The once-powerful and feared executive brought to the screen such Oscar-winning movies as "Pulp Fiction", "The King's Speech", "Shakespeare in Love" and "Chicago" and hobnobbed with the elite in Hollywood and beyond, a point prosecutors made by showing jurors a photo of Weinstein with former President Bill Clinton.

Prosecutors may also call three other women to testify about encounters with Weinstein, even though he is not formally charged with crimes against them.

Weinstein's trial could take more than a month, Judge James Burke said.

Lance Maerov testifies during film producer Harvey Weinstein's sexual assault trial at New York Criminal Court in the Manhattan borough of New York City, New York in this courtroom sketch.
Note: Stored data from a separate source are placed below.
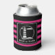 Classic Lighthouse with your Personalised Name or Boat Name on a Pink and Black striped Can Cooler.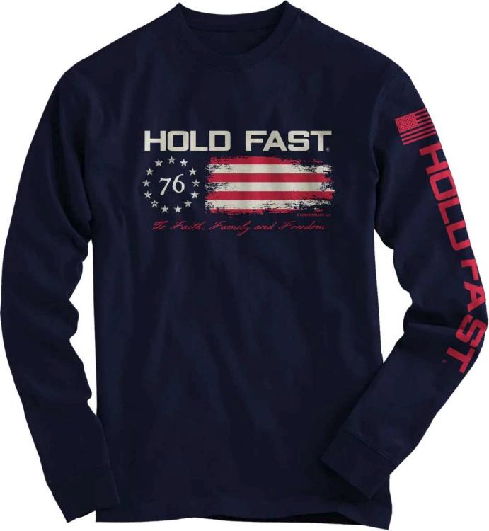 Celebrate the birth of our great nation in this patriotic Seventy-Six Flag HOLD FAST Long-Sleeve Tee in Navy. Our nation was founded on the principles of equality, freedom, and justice and early Americans were willing to fight for these ideals.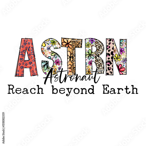 Astronaut Design with Flowers and Animal Print - Reach Beyond Earth Graphic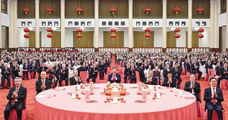 2月14日,中共中央、国务院在北京人民大会堂举行2026年春节团拜会。党和国家领导人习近平、李强、赵乐际、王沪宁、蔡奇、丁薛祥、李希、韩正等同首都各界人士欢聚一堂、共迎佳节。 ■新华社记者 谢环驰 摄

Meanwhile, Weinstein's attorneys foreshadowed their strategy to defend him against charges that he raped a woman in a New York City hotel room in 2013 and forcibly performed a sex act on another woman at his apartment in 2006.
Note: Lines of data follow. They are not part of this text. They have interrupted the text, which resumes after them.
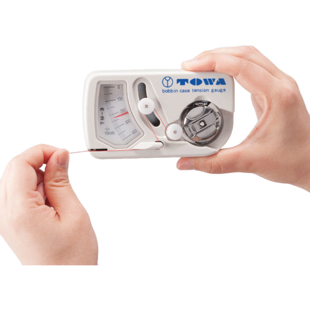 Juki's Bobbin Tension Gauge is used to measure the bobbin thread's tension. The tension can be measured without removing the bobbin case installed.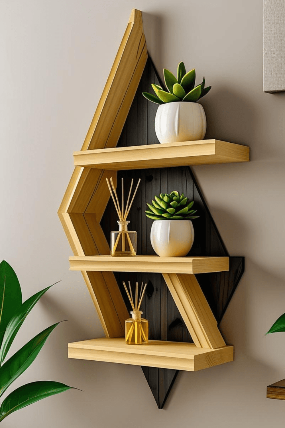 Creative floating shelf wall decor is a stylish way to make empty walls look more interesting. The geometric wooden design creates a modern artistic element that works beautifully in contemporary homes.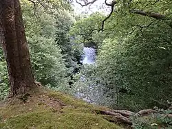Ochiltree Castle (meaning: "the lofty dwelling-place") was a castle built on a promontory by the Lugar Water, East Ayrshire, Scotland across from Auchinleck Castle. Built by the de Colville family in the 12th century, it was destroyed in 1449, by Sir William Douglas.
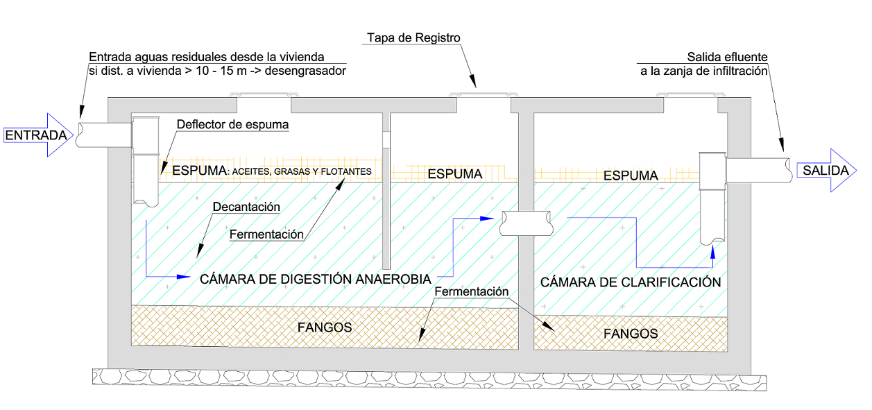 Una fosa séptica está diseñada para permitir dos procesos: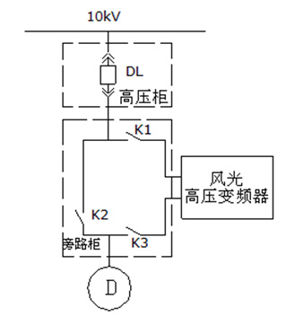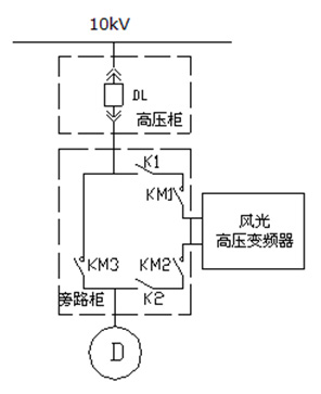 旁路柜主要配置:三個高壓斷路器(KM1、KM2、KM3)和兩個刀閘隔離開關(guān)K1、K2。KM2與KM3實現(xiàn)電氣互鎖,當(dāng)KM1、KM2閉合,KM3斷開時,電機變頻運行;當(dāng)KM1、KM2斷開,KM3閉合時,電機工頻運行。另外,KM1閉合時,K1操作手柄被鎖死,不能操作;KM2閉合時,K2操作手柄被鎖死,不能操作。

Harvey Weinstein's legal team say they have "dozens and dozens and dozens and dozens" of "loving" emails sent to their client from complaining witnesses who accuse Weinstein of sexual harassment.
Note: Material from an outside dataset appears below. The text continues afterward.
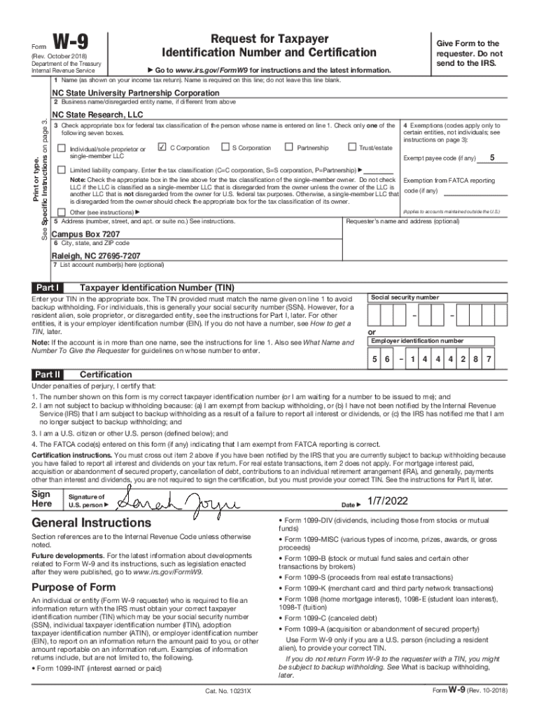 W9Form (Rev. October 2018) Department of the Treasury Internal Revenue ServiceRequest for Taxpayer Identification Number and Certification give Form to the requester. Do not send to the IRS. Go to

"Jessica buried her trauma and she tried to move on... until October 2017 when she finally realized it was not her, it was him", Hast said in court. If she is removed and replaced as a juror, that'll leave just two remaining alternates for the trial.

"I have good lawyers", he said.

Four other women are expected to testify as prosecutors seek to show a pattern of behavior, and Hast described the allegations of one of those women, actress Annabella Sciorra, in what Vulture describes as "painful detail".

"They will each describe their fear, their shame and their humiliation - the struggle each went through to push their trauma down and show a courageous face to the world", she said.

In September, she told CBS: "Any time we talk about men and women in sexual circumstances, I think we have to look at the fact that there's always an area of grey".

Weinstein muttered inaudibly as Maerov - an executive with communications giant WPP - said the movie mogul's charming public persona was "diametrically opposed" to who he was in private. "Emotionally and physically destroyed, passing out on the floor".

Weinstein's lawyers made clear they intend to go on the offensive.

"While I could not make out every word of what was being chanted, I clearly heard the word "rapist", said a court filing by Weinstein lawyer Diana Fabi Samson, describing the protests that she heard from inside the court during jury selection.

"It confirms fear that all victims have: that they will not be believed and that they were responsible in some way for the assault", Lisa A. Fontes, PhD., an worldwide expert on sexual assault and intimate partner violence, told ABC News in a telephone interview. And five days later, she wrote, "It would be great to see you later and catch up". "I'm not here to say he was not guilty of committing sins", she said.